PMCID: PMC8046496  PMID: 33875898

Abstract

The Air Quality Health Index (AQHI) is an aggregate indicator of air pollution used to communicate to Canadians the health impact of short-term exposure to current air pollutant levels. Understanding the stochastic behaviour of the AQHI can aid public health officials in predicting air pollution levels, determining the likelihood and duration of air quality advisories, and planning for increased strain on the health care system during periods of higher air pollution. Previous research has applied discrete-time Markov chains to investigate stochastic behaviour of air pollution indices but only in a handful of regions and none with the same climatic characteristics as Canadian regions. In this study, we investigated the stochastic behaviour of AQHI risk categories in Ontario (34 air monitoring stations) for 5 years from 2015 to 2019. We employed discrete-time Markov chains using three of the AQHI risk categories (Low Risk, Moderate Risk, High Risk) as states to determine (1) the transition probabilities between these states, (2) the long-run proportion of time spent in each state, and (3) the mean persistence time of each state. These results were then used to assess spatial trends in the stochastic behaviour of AQHI risk categories and the likelihood and duration of air quality advisories. Overall, the air quality (as characterised by the AQHI) in Ontario tends to decrease as population density increases. Urban areas spent a greater proportion of time in higher risk categories, and tended to remain in the higher risk categories for longer before transitioning.

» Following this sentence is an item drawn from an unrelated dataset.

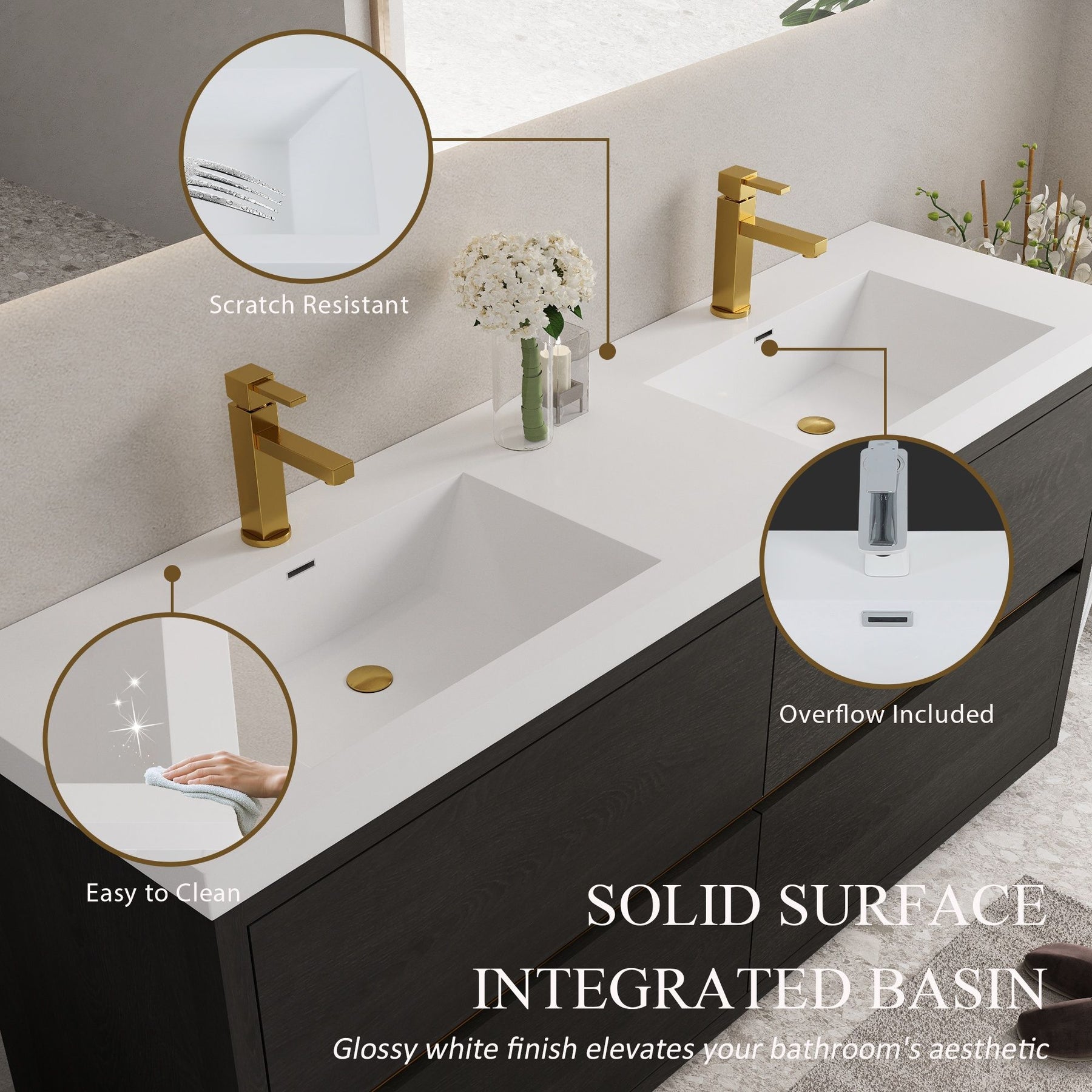 Freestanding Bathroom Vanity With Sink, Bathroom Storage Vanity Cabinet With Stone Resin Countertop And Soft Close Drawers - Espresso

Keywords: Air pollution; Air Quality Health Index; Discrete-time Markov chain, AQHI levels, AQHI risk category duration, Ontario air quality, Air quality advisories

Introduction

Air pollution is a global concern due to its detrimental impact on human health. Numerous studies have identified links between air pollution and increases in mortality and hospital admissions due to respiratory and cardiovascular disease (Brunekreef & Holgate, 2002). Predicting air pollution levels can help public health officials make recommendations to limit outdoor air exposure and plan for increased strain on the health care system during periods of higher air pollution.

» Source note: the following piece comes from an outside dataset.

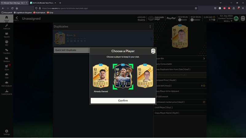 Viszont mindig szinte pluszban jövök ki az elmúlt napban. Csak a softban szab határt. Meg a kedv.Amúgy a 83, 84 lapból is szinte mindenki megvan. És lejött az idei első Kerrem is. Viszont Gonsalo Guedesnek híre hamva nem volt. Persze pickből nem jöhet, de abból a kb 150 89 exchangeből (7500 player) igazán kijöhetett volna

The Air Quality Health Index (AQHI) was developed by Health Canada and Environment Canada to communicate the health impact of short-term exposure to current air pollutant levels to Canadians (Environment and Climate Change Canada, 2019). The AQHI is an aggregate indicator of the average trailing 3-h concentrations of three pollutants: ozone (O3), nitrogen dioxide (NO2), and fine particulate matter (PM2.5). The AQHI is reported using 11 values ranging from 1 to 10+. A value of 1 represents the lowest health risk, while a value of 10+ represents a very high health risk. The AQHI values are further categorised according to their respective health risk; Low Risk (1–3), Moderate Risk (4–6), High Risk (7–10), and Very High Risk (10+). Each risk category has a recommended action for both the general population and the at-risk population (Environment and Climate Change Canada, 2015). For example, the Low Risk category recommends continuing all outdoor activities, while the Very High Risk category recommends avoiding all strenuous outdoor activities.

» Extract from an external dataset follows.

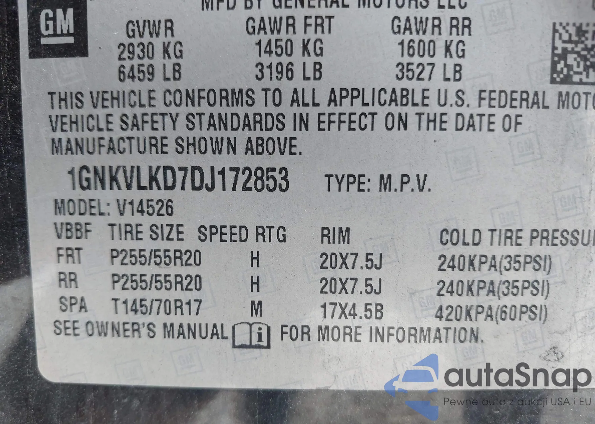 • VIN 1GNKVLKD7DJ172853

Ontario uses a modified form of the AQHI, where hourly concentrations of additional pollutants are also considered when assigning risk categories. In Ontario, ozone, nitrogen dioxide, sulphur dioxide, carbon monoxide, and total reduced sulphur compounds are the pollutants that may change the AQHI categories. For instance, if hourly air concentrations of one or more of the contaminants mentioned above exceed Ontario’s Ambient Air Quality Criteria (AAQC), a desirable level of a contaminant in air, and the AQHI value is currently considered Low Risk or Moderate Risk, then the AQHI risk category is adjusted to a High or Very High Risk category (Ontario Ministry of the Environment, Conservation and Parks, 2019a).

The discrete-time Markov chain is a probabilistic model used to analyse stochastic processes. It has been employed in a wide range of applications such as modelling precipitation (da Silva et al., 2019; Schoof & Pryor, 2008), infrastructure deterioration (Baik et al., 2006), and wind speed (Sahin & Sen, 2001). Discrete-time Markov chains have also been employed to model air pollution (e.g., Asadollahfardi et al., 2016; Caraka et al., 2019; Mohamad et al., 2018; Romanof, 1982). Nebenzal and Fishbain (2018) found that, for forecasting long-term NO2 pollution, Markov chain models reduce the total error compared to other forecasting methods (e.g., multiple linear regression, moving average, exponential smoothing, Holt, and persistence methods).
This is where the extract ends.